Aber auch mit Blick auf strukturelle Punkte ist Kritik notwendig: Das BfArM und der Beirat zu Liefer- und Versorgungsengpässen haben eine zentrale Rolle im Umgang mit Lieferengpässen. Der Beirat, ursprünglich ein informelles Austauschgremium, hat erst in der vergangenen Legislaturperiode einen recht steilen institutionellen Karrieresprung gemacht. Die Eckpunkte sehen weitere erhebliche Kompetenzen vor. Allerdings sind dort die pharmazeutische Industrie sowie Leistungserbringende deutlich überrepräsentiert. Dadurch besteht das Risiko einer einseitigen Beurteilung. Eine stärker paritätische Zusammensetzung, die auch das Wissen der Krankenkassen widerspiegelt, erachtet der GKV-Spitzenverband daher als zentral. Auch die Geschäftsordnung muss angesichts der geplanten neuen Kompetenzen auf den Prüfstand.
Versorgungssicherheit braucht verbesserte Datengrundlage
Ein Lieferengpass wird vom BfArM definiert als eine „über voraussichtlich 2 Wochen hinausgehende Unterbrechung einer Auslieferung im üblichen Umfang [..].“Dies kann auch einzelne Packungsgrößen betreffen. In einem solchen Fall ist eine Versorgung weiterhin möglich. Hiervon zu unterscheiden ist ein tatsächlicher Versorgungsengpass - also eine Situation, in der Handel und Industrie den Markt grundsätzlich nicht mehr versorgen können. Das denkbar schlechteste Szenario für Patientinnen und Patienten, das allerdings auch wesentlich seltener vorkommt.

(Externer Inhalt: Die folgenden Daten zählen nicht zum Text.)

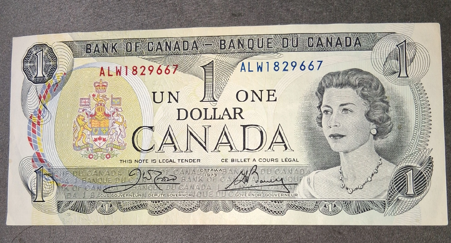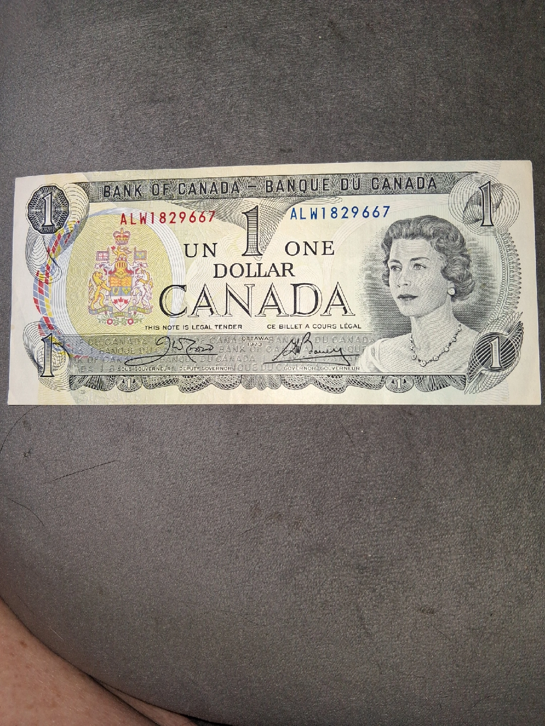 Selling a collection of vintage Canadian one-dollar bills from 1973! These bills feature Queen Elizabeth II and are a piece of Canadian history. Great for collectors or anyone interested in numismatics! They are uncirculated bills in sequential order for 4 (135$ for all four or 35$ each) and one single bill (35$). All are part of a collection from a former bank employee. Prices start at 35$ for a single bill.

Die Früherkennung von kritischen Liefersituationen zu stärken, so wie es die Eckpunkte vorsehen, wird daher vom GKV-Spitzenverband ausdrücklich unterstützt. Ziel muss es sein, die bestehenden Mechanismen so weiterzuentwickeln, dass möglichst schnell und umfassend Klarheit über die Versorgungslage besteht. Vorbild könnte etwa das DIVI-Intensivregister sein, in dem seit April 2020 auf tagesaktueller Basis die verfügbaren Betten in der Intensivmedizin angezeigt werden. Wie können vorhandene Datenströme so gebündelt werden, dass auch für die Arzneimittelversorgung ein vergleichbares, möglichst genaues Versorgungsbild entsteht? Das muss der Gesetzgeber dringend in den Blick nehmen. Versorgungsprobleme haben unterschiedlichste, meist globale Ursachen. Allein mehr Geld im begrenzten nationalen Markt Deutschlands bereitzustellen, wird auf Dauer keine Lösung sein. (mro)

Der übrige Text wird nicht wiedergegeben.